The principal investigators chosen to receive technology development grants are:
- Howard Chang, M.D., Ph.D.; Stanford University, Stanford, Calif.; $1.3 million (three years); Structural Motifs in RNA. These researchers will develop high-throughput methods to predict functional motifs in RNA, to map RNA structure and to assign biological functions to RNA motifs.
- Michael Dorschner, Ph.D.; University of Washington, Seattle; $1.1 million (three years); High-Definition In Vivo Footprinting via Single Molecule Sequencing. This group’s goal is to develop an in vivo method that utilizes single molecule sequencing to identify sites of protein-DNA interaction by differential cleavage sensitivity with ultraviolet light, dimethylsulfate and DNase I.

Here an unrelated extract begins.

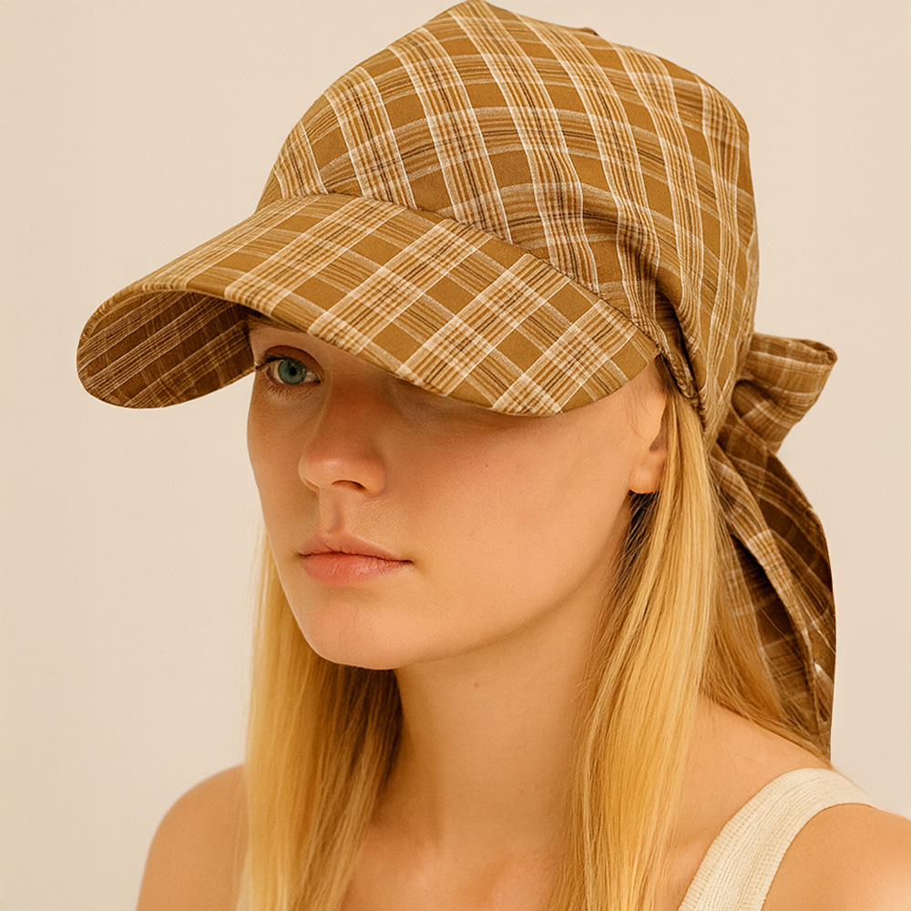 Plaid Bow Back Scarf Baseball Cap Plaid Bow Back Scarf Baseball Cap

- John Greally, Ph.D.; Albert Einstein College of Medicine, Bronx, N.Y.; $1.5 million (three years); Massively Parallel Sequencing Technology for the Epigenome. This team will work to develop high-throughput sequencing methods to analyze methylation of cytosine and to map histone modifications.
- Xiaoman Li, Ph.D.; Indiana University, Indianapolis; $870,000 (three years); Discovery of Cis-Regulatory Modules in the Human Genome. This team will strive to develop computational methods for identifying conserved cis-regulatory modules in non-protein coding regions of the human genome.
- Marcelo Nobrega, M.D., Ph.D.; University of Chicago; $1.5 million (three years); Generation and In Vivo Validation of Cis-regulatory Maps in Eukaryotic Genomes. The two goals of this group are: to develop tagged DNA binding proteins that are recognizable by tag-specific antibodies for use in mapping binding sites for a wide range of proteins, and to develop platforms to test predicted enhancers, silencers and insulators in the human genome.
- Yijun Ruan, Ph.D.; Genome Institute of Singapore; $990,000 (three years); Whole Genome Chromatin Interaction Analysis Using Paired-End diTagging. This team will develop methods to characterize long-range chromatin interactions involved in transcription using high-throughput sequencing.